Data shown START
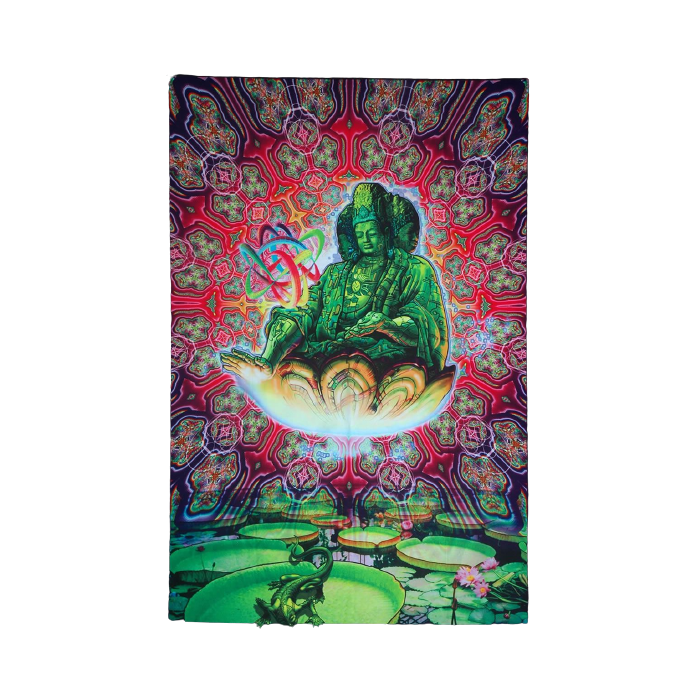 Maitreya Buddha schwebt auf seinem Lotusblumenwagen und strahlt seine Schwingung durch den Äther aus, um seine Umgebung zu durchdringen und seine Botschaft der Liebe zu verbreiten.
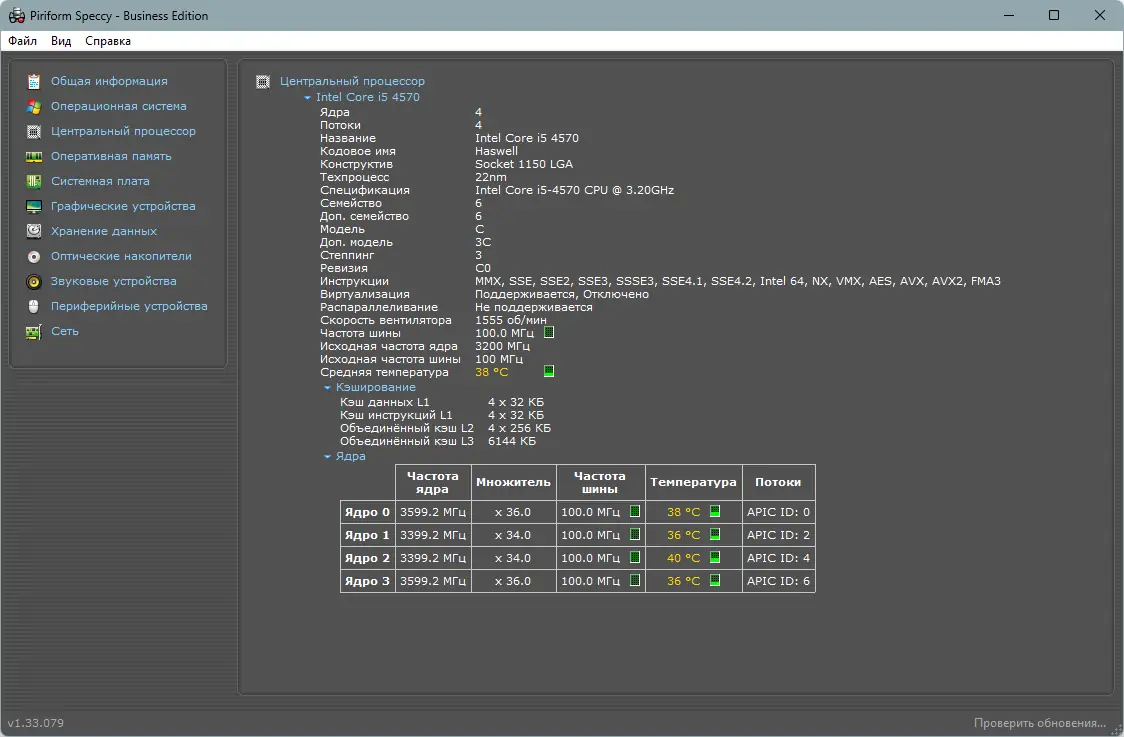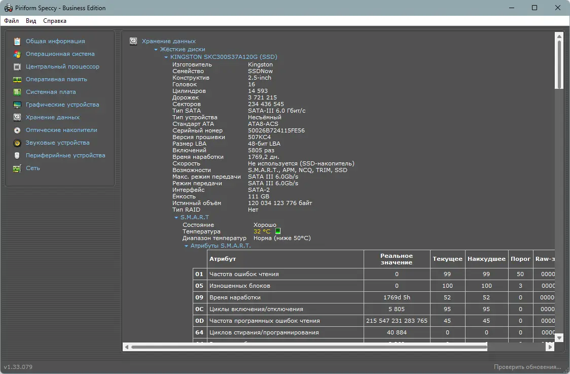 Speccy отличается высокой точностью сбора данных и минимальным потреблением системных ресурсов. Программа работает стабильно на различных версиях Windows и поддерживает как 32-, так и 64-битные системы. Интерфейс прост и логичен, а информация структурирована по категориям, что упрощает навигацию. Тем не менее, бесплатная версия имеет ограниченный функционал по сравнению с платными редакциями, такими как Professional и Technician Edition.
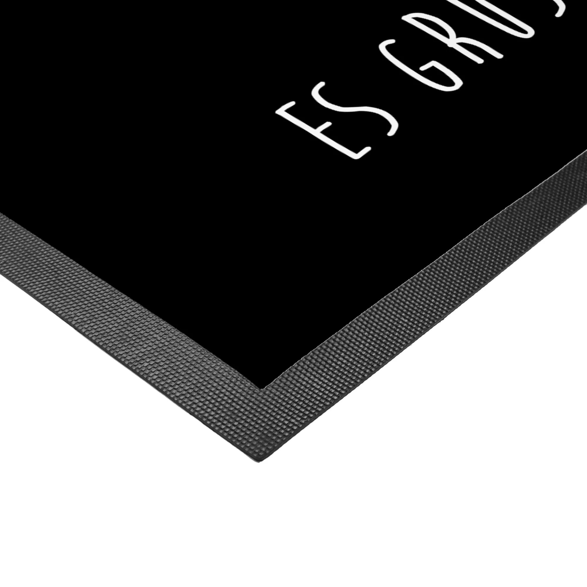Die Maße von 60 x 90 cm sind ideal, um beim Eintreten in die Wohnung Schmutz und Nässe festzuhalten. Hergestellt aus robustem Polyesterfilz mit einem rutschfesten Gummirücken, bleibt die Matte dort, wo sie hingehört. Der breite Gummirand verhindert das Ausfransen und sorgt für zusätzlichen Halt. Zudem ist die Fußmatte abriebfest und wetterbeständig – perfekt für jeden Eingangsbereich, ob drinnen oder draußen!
Data shown END
■ Instructions for the task ■
Pictures aside, write out verbatim every line from the first line of the material through the line holding "Speccy отличается высокой".

■ Completed task ■
 Maitreya Buddha schwebt auf seinem Lotusblumenwagen und strahlt seine Schwingung durch den Äther aus, um seine Umgebung zu durchdringen und seine Botschaft der Liebe zu verbreiten.
 Speccy отличается высокой точностью сбора данных и минимальным потреблением системных ресурсов. Программа работает стабильно на различных версиях Windows и поддерживает как 32-, так и 64-битные системы. Интерфейс прост и логичен, а информация структурирована по категориям, что упрощает навигацию. Тем не менее, бесплатная версия имеет ограниченный функционал по сравнению с платными редакциями, такими как Professional и Technician Edition.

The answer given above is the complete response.